Your assignment: Produce a word-for-word copy of the data that follows, excluding images.

Available data:
************

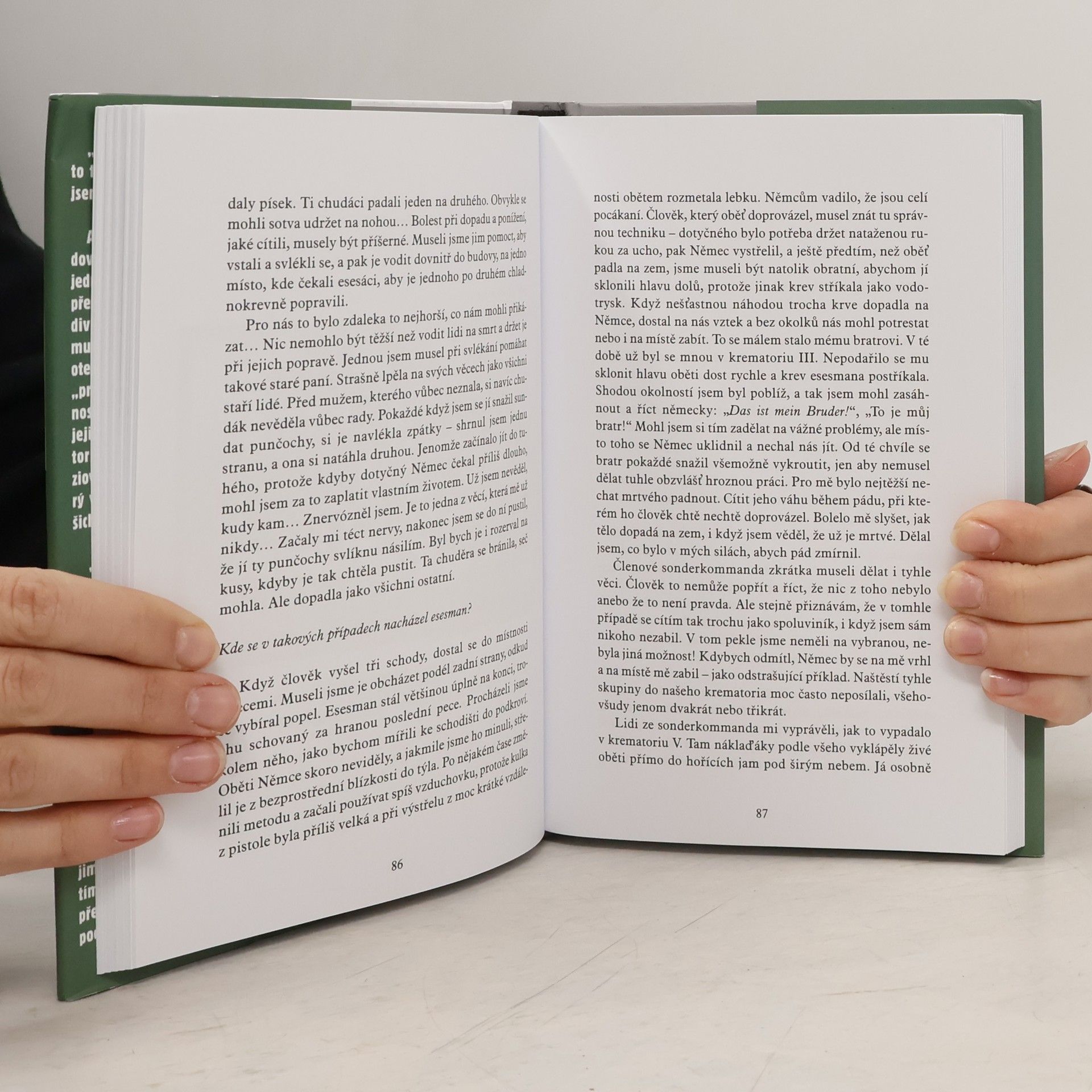 Podtitul: Svědectví přeživšího člena osvětimského sonderkommanda „Až doted’ jsem to nikomu nevyprávěl. Je to tak tíživé a děsivé, že mluvit o tom, co jsem viděl, mi stále dělá potíže…“ Autentické svědectví někdejšího člena židovského sonderkommanda v Osvětimi – jednoho z mála těch, kteří osvětimské peklo přežili, a jediného, kdo podal ucelenou pravdivou výpověď o smrticí mašinérii, které musel sloužit. Shlomo Venezia se odvážil otevřeně popsat i ty nejděsivější stránky své „práce“ a vynesl na světlo šokující podrobnosti, jež odhalují spáchaný zločin v celé jeho obludnosti. Jak konstatuje spoluautorka knihy Béatrice Prasquierová, Veneziovo svědectví je historický dokument, který vrhá světlo na nejtemnější stránku našich dějin.
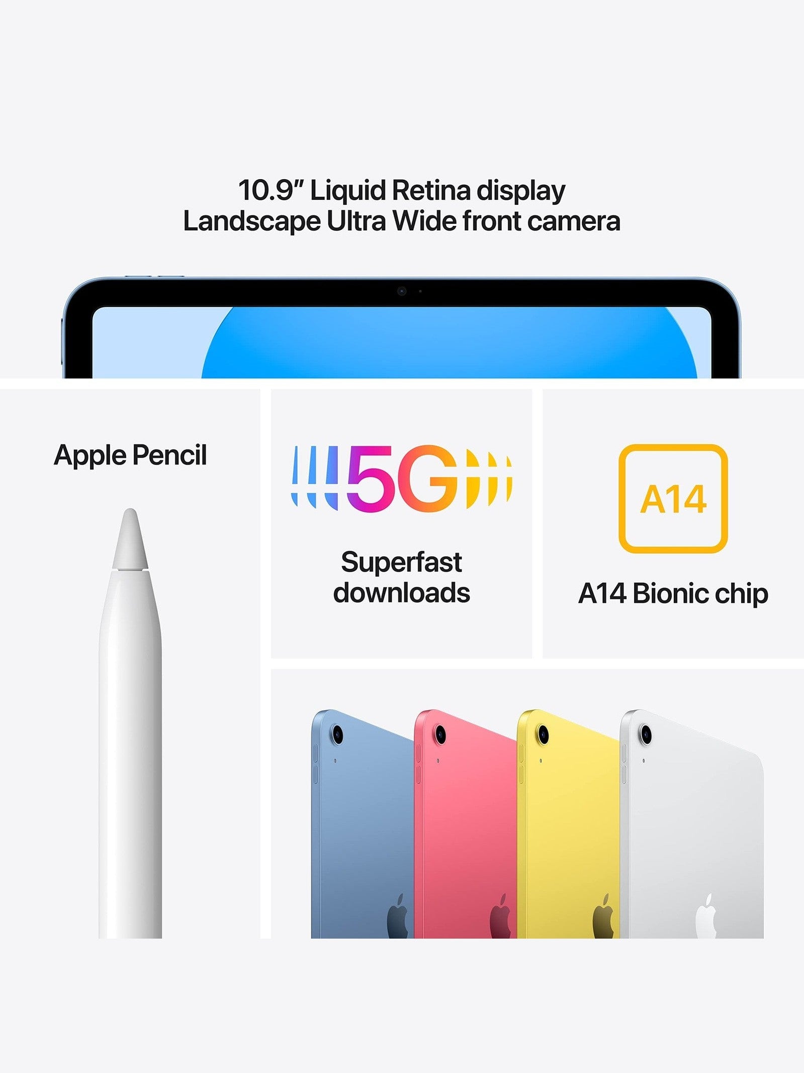256GB storage; USB-C for charging and accessories. Capacity: 256GB flash storage. Apple iPad (10th Generation) 10.9″ Wi-Fi + Cellular – 256GB – Pink (Model MQ6W3LL/A). A14 Bionic chip for fast performance and long battery life.
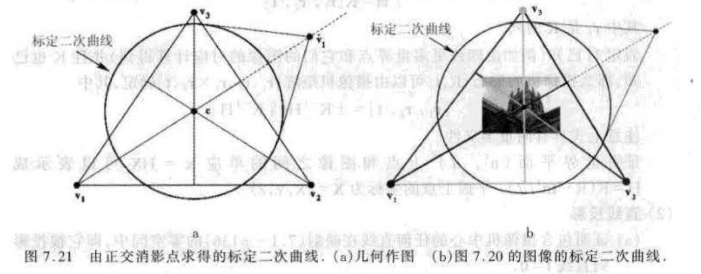 - 一张平面的法线方向的消影点 \(\mathbf{v}\) 可以按公式 \(\mathbf{v}=\omega^*\mathbf{l}\) 由平面的消影线 \(\mathbf{l}\) 获得;反之有 \(\mathbf{l}=\omega \mathbf{v}\)

************

Response to this exercise:
 Podtitul: Svědectví přeživšího člena osvětimského sonderkommanda „Až doted’ jsem to nikomu nevyprávěl. Je to tak tíživé a děsivé, že mluvit o tom, co jsem viděl, mi stále dělá potíže…“ Autentické svědectví někdejšího člena židovského sonderkommanda v Osvětimi – jednoho z mála těch, kteří osvětimské peklo přežili, a jediného, kdo podal ucelenou pravdivou výpověď o smrticí mašinérii, které musel sloužit. Shlomo Venezia se odvážil otevřeně popsat i ty nejděsivější stránky své „práce“ a vynesl na světlo šokující podrobnosti, jež odhalují spáchaný zločin v celé jeho obludnosti. Jak konstatuje spoluautorka knihy Béatrice Prasquierová, Veneziovo svědectví je historický dokument, který vrhá světlo na nejtemnější stránku našich dějin.
256GB storage; USB-C for charging and accessories. Capacity: 256GB flash storage. Apple iPad (10th Generation) 10.9″ Wi-Fi + Cellular – 256GB – Pink (Model MQ6W3LL/A). A14 Bionic chip for fast performance and long battery life.
 - 一张平面的法线方向的消影点 \(\mathbf{v}\) 可以按公式 \(\mathbf{v}=\omega^*\mathbf{l}\) 由平面的消影线 \(\mathbf{l}\) 获得;反之有 \(\mathbf{l}=\omega \mathbf{v}\)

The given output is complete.